This post was inspired by the most fascinating application of PCA I have yet to encounter, a 2009 study which studied the genomes of 3,192 European individuals at 500,568 loci [1]. Remarkably, a PCA of the genomic data using the top two principal component resulted in a high-resolution map of Europe, reproducing geographic features such as the Iberian and Italian peninsulas and the British Isles, and even resolving sub-populations within individual countries (see Figure 1 below).

The data set used in the study is unfortunately not publicly available. However, Amazon Web Services hosts the 1000 Genomes Project, containing genomes sequenced at roughly 81 million loci from 2504 individuals belonging to 26 population groups, as a publicly available S3 Bucket. The high dimension of the feature space (in this case, the number of sequenced loci) precludes the possibility of applying standard techniques to compute a PCA of the data. Others have applied more sophisticated techniques to compute a PCA for the data set; for example, [2] uses IRLBA, an efficient algorithm for computing truncated SVDs of large matrices. I will instead use the simpler method of dual PCA in addition to the non-linear method of kernel PCA to reduce the dimension of the data and visualize it in two and three dimensions.

The 1000 Genomes Project was an international effort commencing in 2008 and completed in 2015 to catalog human genetic variation. The project sequenced the genomes of 2504 individuals from 26 different population groups from around the world, and the resulting data set was made publicly available for the benefit of future research. Since different individuals share the vast majority of their genomes in common, genomic data is stored in “variant call format” (VCF), which records the differences between individual genomes and a reference genome.

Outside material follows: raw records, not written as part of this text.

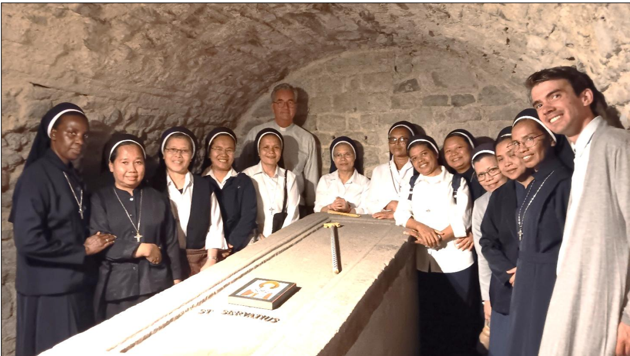
Mengunjungi makam St. Servaas di ruang bawah tanah Basilika St. Servaas, Maastricht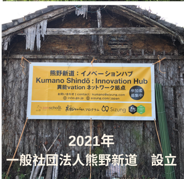
2021年 一般社団法人熊野新道 設立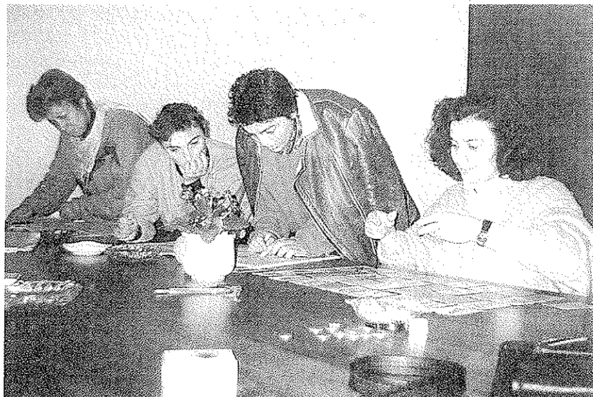
As traballadoras durante algúns momentos do peche

Por outra banda, e para complicar aínda máis as cousas, en xullo deste ano, a Tesourería da Seguridade Social, aproveitándose dun erro dos avogados de CC.OO. e C.I.G., que levaban anteriormente o despido —non renovar a anotación do embargo no Rexistro da Propriedade—, anuncia que saca a subasta o cocedeiro de Charpo para cubrir a débeda das cotizacións que xerara o despido do 93. ¡INCREDIBLE, PERO CERTO! As cotizacións á Seguridade Social que xeran os propios salá-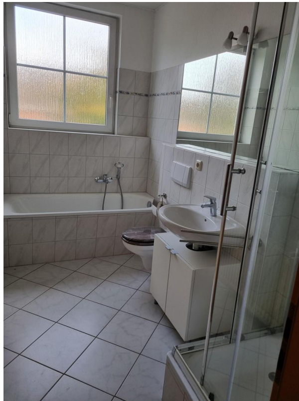
Bad mit Dusche und Badewanne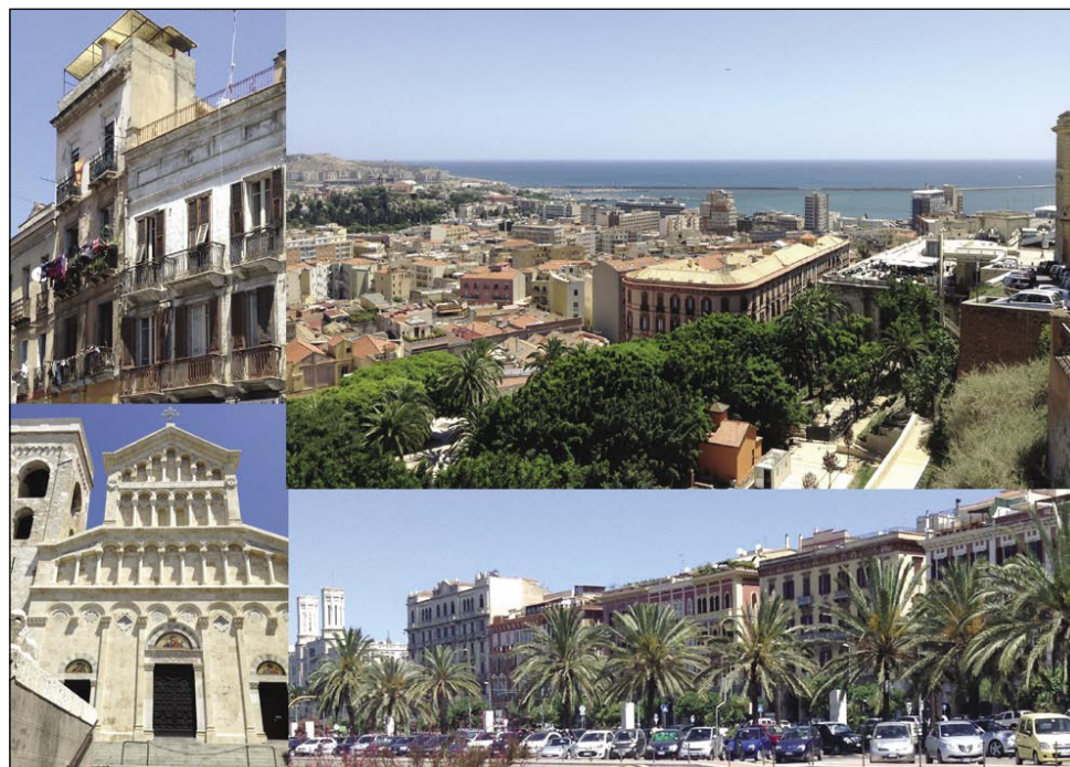
Glavno mesto otoka, Cagliari

Ko sva prispela v glavno mesto Sardinije, Cagliari, sva ob italijanski in unijski zastavi takoj opazila tretjo, precej ne navadno zastavo. Bela osnova je razdeljena z rdečim križem na štiri polja, v vsakem polju je črnska glava s trakom preko las. Zastavo Sardinije sva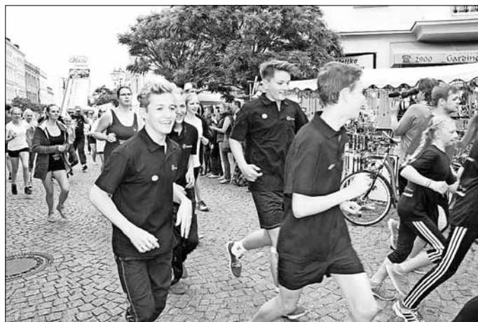
87 Läufer beteiligten sich am Sponsorenlauf des Fördervereins vom Pestalozzi-Gymnasium.

Auch in diesem Jahr hat der Förderverein des Pestalozzi-Gymnasiums Schüler, Lehrer und Freunde des Hauses zum Sponsorenlauf rund ums Dreieck gebeten. Jeder, der sich anmelden wollte, musste sich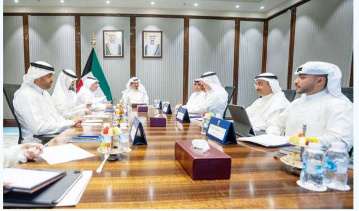
العبدالله يترأس اجتماعاً لإعادة تنظيم الهياكل الحكومية

وجه سمو رئيس مجلس الوزراء ومراجعة الهياكل الحكومية وإعادة تنظيمها بما يسهم في استثمار موارد الدولة ويضمن بناء منظومة إدارية متطورة تتسم بالكفاءة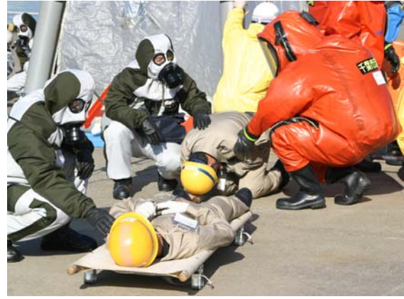
化学剤による負傷者の救助（警察、消防）【千葉港】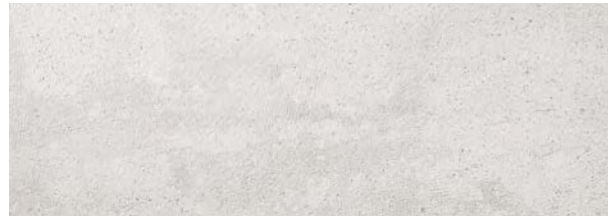
Dover Caliza 31,6 cm x 90 cm · P3470758 / 100155616 · G261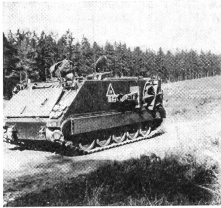
Spz MTW M-113

Der Sicherungsdienst an der Grenze erfolgt in vielfältiger Weise und wird mit beträchtlichem Aufwand betrieben. Von den drei Kompanien des Bataillons steht jeweils eine turnusweise im Grenzsicherungsdienst, der sowohl Jeep-Streifen mit zwei Wagen als auch die Besetzung ständiger Posten, sogenannter «Observation Points», etwa zwei bis drei je Bataillonsabschnitt, umfasst. Dies sind gesicherte Beobachtungsstellen, die je nach dem Gelände unmittelbar in Grenznähe oder an geeigneten anderen Stellen, die eine Übersicht bieten, angelegt sind. Diese Posten haben Kabel- und Funkverbindung zum Bataillon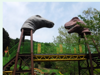
キャンプやバーベキューも可能な平成榛原子供のもり公園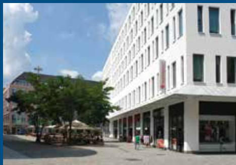
Bürgerhaus Am Wall Düsseldorfer Platz 1, 09111 Chemnitz

Stadt Chemnitz – Sozialamt Annaberger Straße 93 09120 Chemnitz Тел.: 0371 488-5001 факс: 0371 488-5099 Email: sozialamt@stadt-chemnitz.de www.chemnitz.de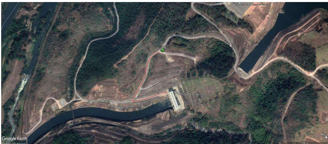
Figura 1 – PEs e RF da UHE Simplício.

As Figuras 1 e 2 a seguir, apresenta os pontos de encontro e rotas de fuga deste empreendimento, que se encontram também, em KMZ, no Anexo 15.1 deste relatório.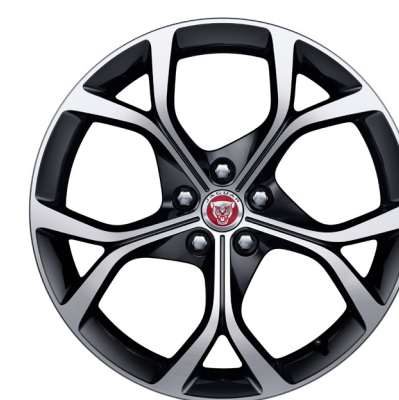
Jantes de 19 po à 5 rayons divisés (Style 5101) au fini noir lustré usiné au diamant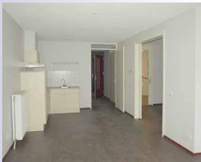
Inrichting van een appartement.

ject ParcVelt voltooid. Mooi uitgevoerde projecten zijn dan in de wijk Veltum verschenen en mooi ook dat de vlag van Bouwmij Janssen hier geruime tijd heeft mogen wapperen.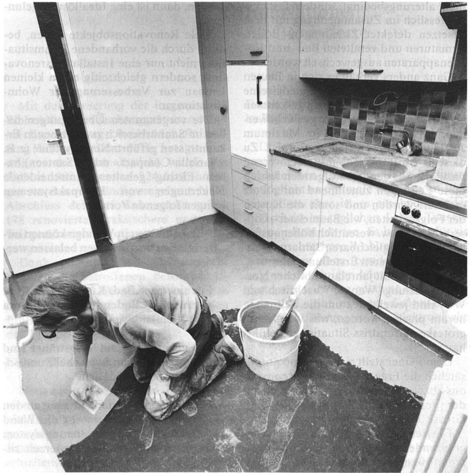
Küche und Badezimmer: Diesen beiden Räumen kommt bei Renovationen und Sanierungen im Hinblick auf Zukunftssicher-

Die bis 1938 mehrheitlich verwendeten Gussablaufleitungen sind meistens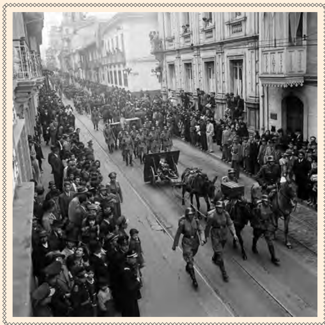
DESFILE MILITAR A SU PASO POR EL PALACIO DE LA CARRERA, CALLE OCTAVA, 1945. DANIEL RODRIGUEZ. COLECCIÓN MDB-IDPC.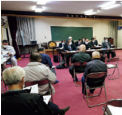
山根集落センター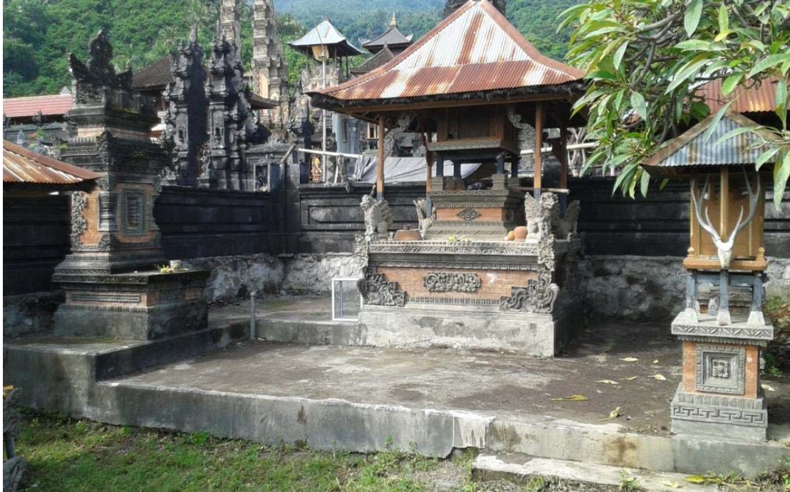
Gambar 3.1 Pura Beji Sebelum Pemugaran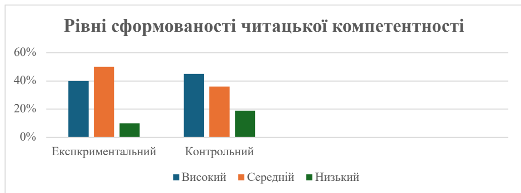
Рис.2.1. Рівні сформованості читацької компетентності на констатувальному етапі

контрольній групі цей показник склав 45% (5 учнів). Середній рівень: В експериментальній групі 5 учнів, що склало 50% , продемонстрували середній рівень сформованості читацьких умінь, а в контрольній групі – 36% (4 особи). Низький рівень: на низькому рівні сформованості читацької компетентності в експериментальній групі опинився 1 учень, що склало 10%, в контрольній групі – 2 учня, що склало 19% . Ці результати відображені на рисунку 2.1.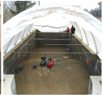
2 modulos en cours de gonflage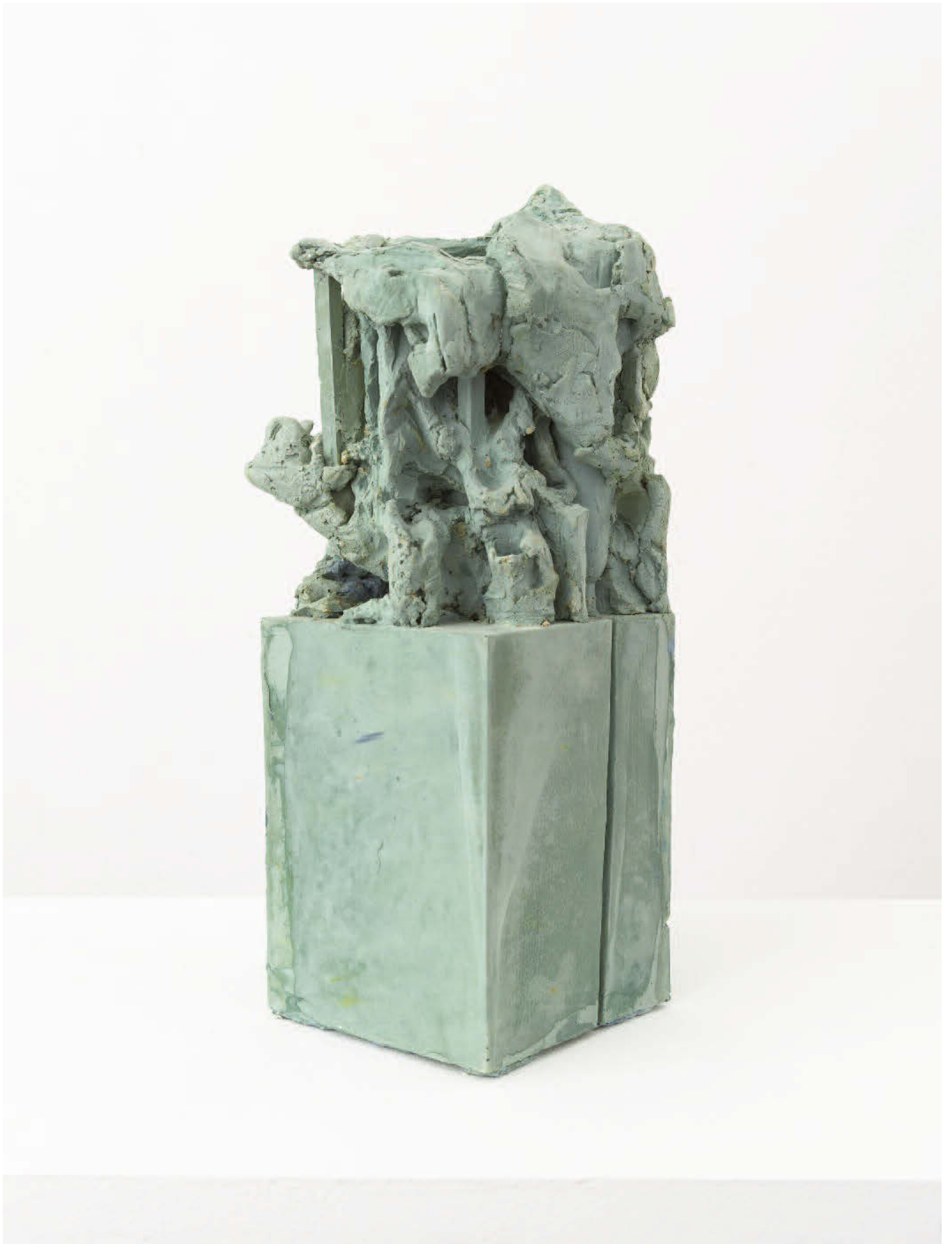
Lucy Teasdale, Lift , 2018, Acrystal, 29 x 40 x 23 cm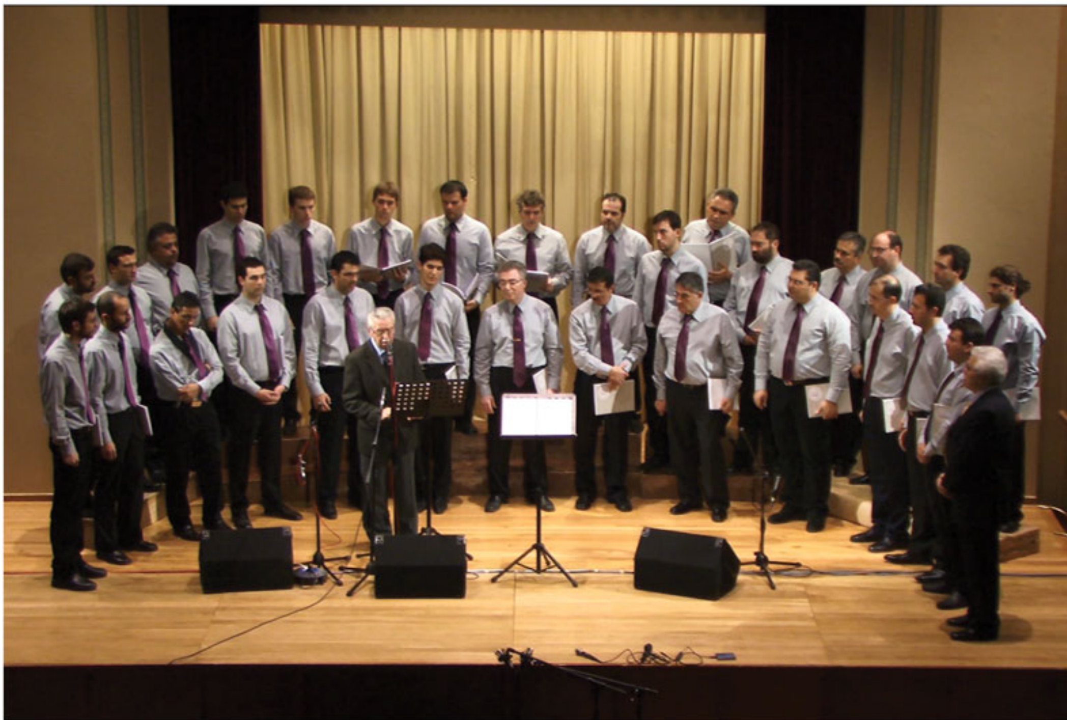
Σχεδιασμός Δ.Θεοδωρόπουλος, Ι.Λιτοντσενκο, Δ.Μαρλαχκούτσος Ηχοηψία Fab Liquid Studios Περεβοθ Ζιναυδα Ε. Οθορνεθα Translation Ιωανη Λιτοντσενκο Ευχαριστούμε τον Φιλολογικό Σύνλλογο 'Παρνασσός' και τους Μόνικα Χριστοδούλου, Λεωνίδα Οικονόμου, Γιάννη Παναγιωταράκο, Στέλιο Πολίτη, Δημήτρη Μπόρση, Νίκο Τουμπανάκη.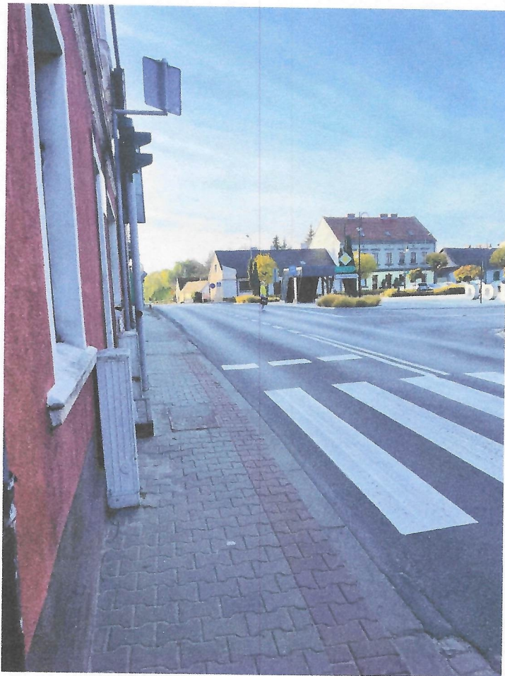
Załącznik nr 3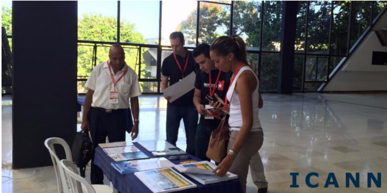
Participantes retirando o material da ICANN no local (Palácio de Convenções de Havana)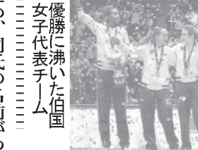
優勝に沸いた伯国女子代表チーム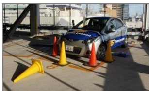
▲④クルマの死角確認体験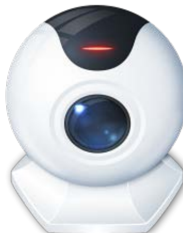
Se problemi di connessione spegnere la webcam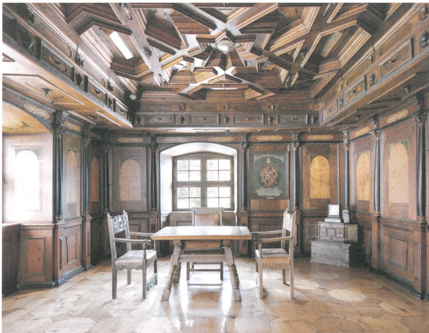
Museum des Regierens: Luxus und Herrlichkeit der Disentiser Fürststäbe in der Cuort Ligia Grischa.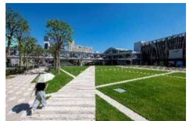
秋田駅西口駅前広場(芝生広場)

※詳しくは、JR 秋田支社公式 X のアキツガ info! 等でお知らせします。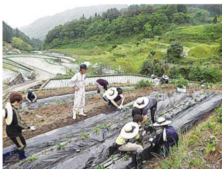
棚田でのフィールド調査

食の安全性の中でも食中毒は大きな問題です。食中毒を防ぐさまざまな抗菌性物質の中には、天然植物素材も含まれます。ヒトや環境に優しい天然植物素材を利用して食中毒菌や食中毒ウイルスを撃退し、ヒトの健康を守る研究を行っています。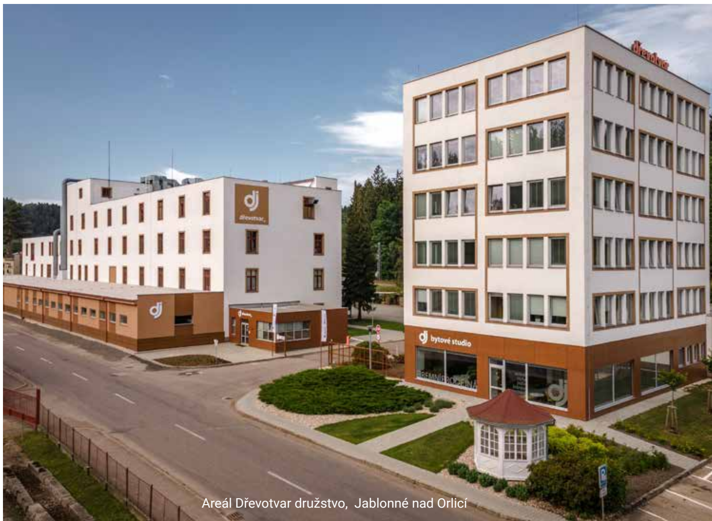
Areál Dřevotvar družstvo, Jablonné nad Orlicí

Pokud nepatříte zrovna mezi odborníky ve světě designu a nevyznáte se v technických parametrech, zkrátka nedovedete výrobci sdělit svoji konkrétní představu, Dřevotvar družstvo vám může připravit 3D vizualizaci rozmístění nábytku s ohledem na dispozici vašeho konkrétního prostoru.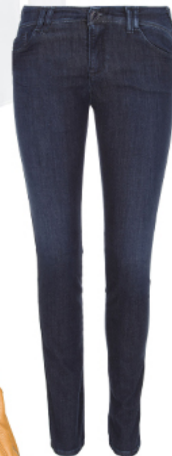
JEANSY Armani Jeans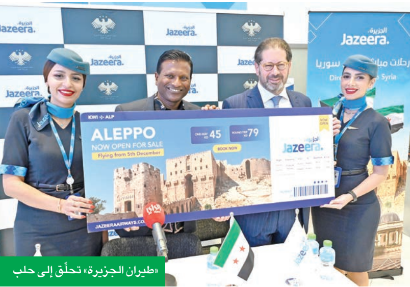
«طيران الجزيرة» تحلق إلى حلب

تبرز بأسواقها القديمة التي يعود تاريخها إلى قرون، والساحات المنحوتة بالحجر، والمقاهي النابضة بالحياة. وتشتهر حلب بلقب «عاصمة المطبخ السوري»، حيث الأطباق والحلويات اللذيذة، مثل الكبة الحلبية. تعود الرحلات بين الكويت وحلب بواقع رحلتين في الأسبوع، لتوفير خيارات سفر مريحة لزيارة العائلة أو السباحة. وتبدأ أسعار الرحلات من 45 ديناراً بالاتجاه الواحد، ومن 79 ديناراً لرحلات العودة.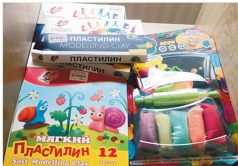
Пластилин. Цена от 63 до 105 рублей.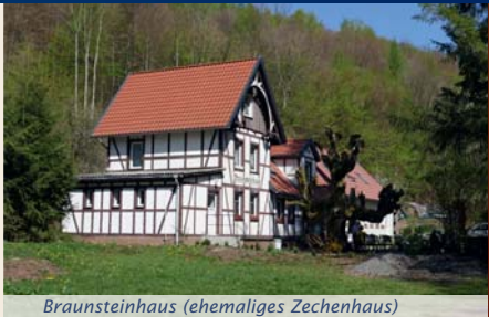
Braunsteinhaus (ehemaliges Zechenhaus)

Geheimnisse war das Verfahren zur Herstellung von farblosen Gläsern, zu deren Produktion ein Zusatz von Manganoxid erforderlich war. Neben den Manganerzen wurde im Gräflich Stolberg-Hohnsteinschen Forst auch Eisenerz abgebaut. Der Manganerzabbau wurde zunächst bis zum Jahr 1890 betrieben und dann wegen Erschöpfung der Lagerstätte eingestellt. Ab 1916 folgte eine zweite Bergbauperiode, die im Jahr 1922 mit der Stilllegung des Ifelder Manganerzbergbaus endete. Vom Braunsteinhaus aus starten wir unsere ca. 2 km lange Rundwanderung auf dem Lehrpfad im ehemaligen Manganerzbergbaurevier. An zwölf Stationen sind verschiedene Sachzeugen des Bergbaus in Form von Halden, steilwandigen Tagebauen, Pingen und verbrochenen Stollenmundlöchern zu sehen. Diese stammen überwiegend aus der letzten Betriebsperiode während des Ersten Weltkrieges.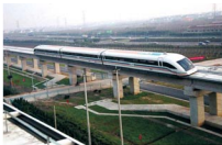
我国首次运行的磁悬浮列车

践中不断遇到的新问题,产生的新要求,推动着人们去进行新的探索和研究,实践的发展为人们提供日益完备的认识工具,这些工具延伸了人类的认识器官,促进人类认识的发展。实践锻炼和提高了人的认识能力,因为人类在改造客观世界的同时,也改造着自己的主观世界,提高自己判断和推理的能力,从而推动认识的不深化。

Each genome in the study was sampled at roughly 81 million “variant” sites (i.e., sites that frequently differ from the reference genome), resulting in a high-dimensional feature space. Variants may range in length from “single-nucleotide polymorphisms” (SNPs), indicating a change in a single base pair, to several base pairs in length. To illustrate VCF, here’s a small excerpt consisting of two rows from a VCF file from the 1000 Genomes Project (for clarity, I have omitted most columns and have formatted the text so that columns are properly aligned).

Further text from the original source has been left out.